(Dataset excerpts)
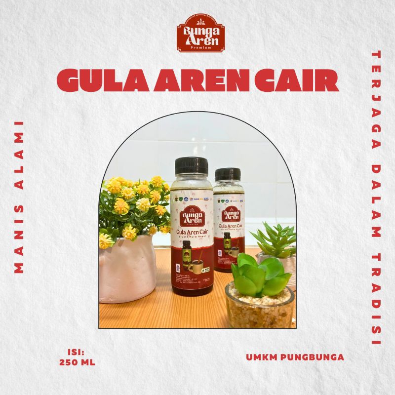 Gula aren cair Bunga Aren merupakan produk olahan nira aren pilihan dari pohon aren di pengunungan Tompobulu. Dibuat secara tradisional dengan mempertahankan kemanisan alami dari gula aren. 100% organik. Cocok untuk isian dalam pembuatan berbagai jenis kue serta dalam berbagai jenis minuman. Memiliki indeks glikemik lebih rendah dari gula pasir, cocok untuk yang ingin sehat.
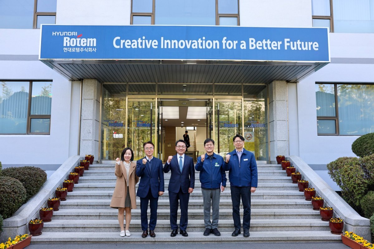 장웅요 부산본부세관장(가운데)이 13일 오후 현대로템㈜ 창원공장을 방문한 가운데 관계자들과 기념촬영을 하고 있다. 사진제공ㅣ부산본부세관
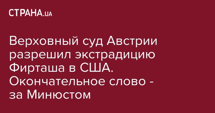 Во вторник, 25 июня, Верховный суд Австрии отклонил апелляцию адвокатов украинского бизнесмена Дмитрия Фирташа на решение апелляционного суда о его экстрадиции в США. Отмечается, что окончательное решение - за федеральным министром юстиции Австрии. Об этом сообщает "Интерфакс-Украина".
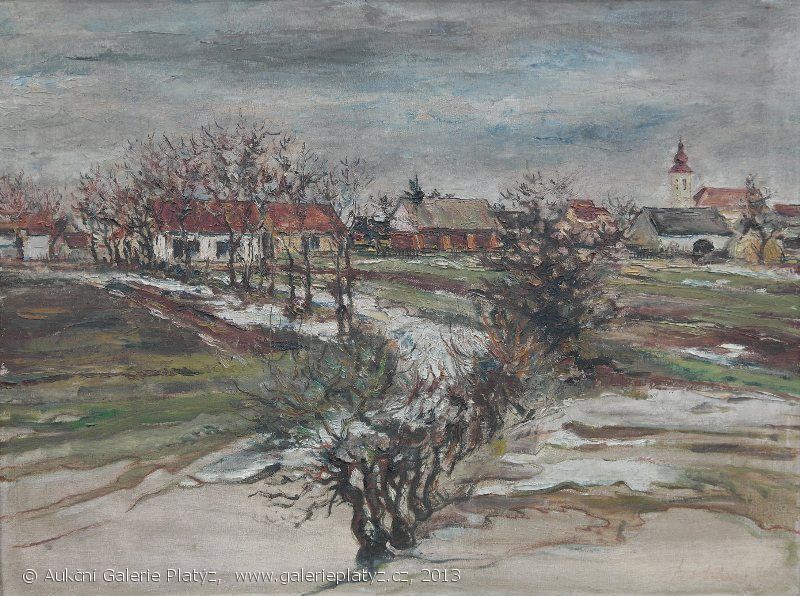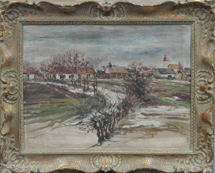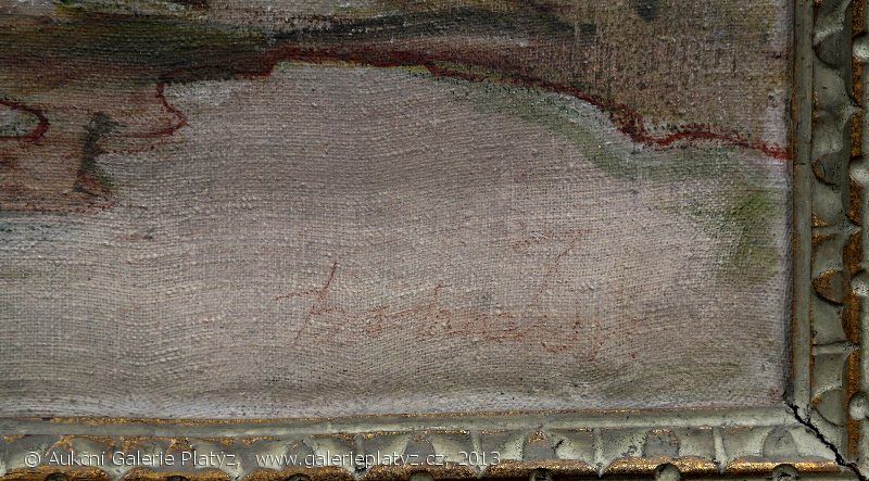 olej/plátno, rozměr plátna 60 x 80 cm, signováno vpravo dole špatně čitelné Boháček (?), drobné oděrky na rámu, původní stav
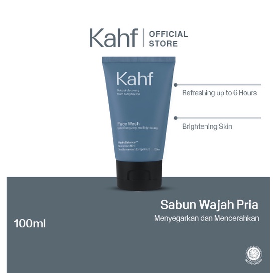 Kahf Skin Energizing and Brightening Face Wash 100 ml Merupakan sabun pembersih wajah dengan kombinasi HydroBalanceTM dan Pure Cleanse yang dapat menjadikan kulit wajah bersih dan lembap secara menyeluruh hingga ke pori-pori. Diperkaya dengan ekstrak Moroccan Mint dan Mediterranean Grapefruit menjadikan kulit terasa lebih segar dan tampak lebih cerah dengan formula yang ringan sehingga cocok untuk semua jenis kulit.

• Activity: Without including any pictures, repeat the records above exactly.

• Exercise result:
 Gula aren cair Bunga Aren merupakan produk olahan nira aren pilihan dari pohon aren di pengunungan Tompobulu. Dibuat secara tradisional dengan mempertahankan kemanisan alami dari gula aren. 100% organik. Cocok untuk isian dalam pembuatan berbagai jenis kue serta dalam berbagai jenis minuman. Memiliki indeks glikemik lebih rendah dari gula pasir, cocok untuk yang ingin sehat.
 장웅요 부산본부세관장(가운데)이 13일 오후 현대로템㈜ 창원공장을 방문한 가운데 관계자들과 기념촬영을 하고 있다. 사진제공ㅣ부산본부세관
 Во вторник, 25 июня, Верховный суд Австрии отклонил апелляцию адвокатов украинского бизнесмена Дмитрия Фирташа на решение апелляционного суда о его экстрадиции в США. Отмечается, что окончательное решение - за федеральным министром юстиции Австрии. Об этом сообщает "Интерфакс-Украина".
 olej/plátno, rozměr plátna 60 x 80 cm, signováno vpravo dole špatně čitelné Boháček (?), drobné oděrky na rámu, původní stav
 Kahf Skin Energizing and Brightening Face Wash 100 ml Merupakan sabun pembersih wajah dengan kombinasi HydroBalanceTM dan Pure Cleanse yang dapat menjadikan kulit wajah bersih dan lembap secara menyeluruh hingga ke pori-pori. Diperkaya dengan ekstrak Moroccan Mint dan Mediterranean Grapefruit menjadikan kulit terasa lebih segar dan tampak lebih cerah dengan formula yang ringan sehingga cocok untuk semua jenis kulit.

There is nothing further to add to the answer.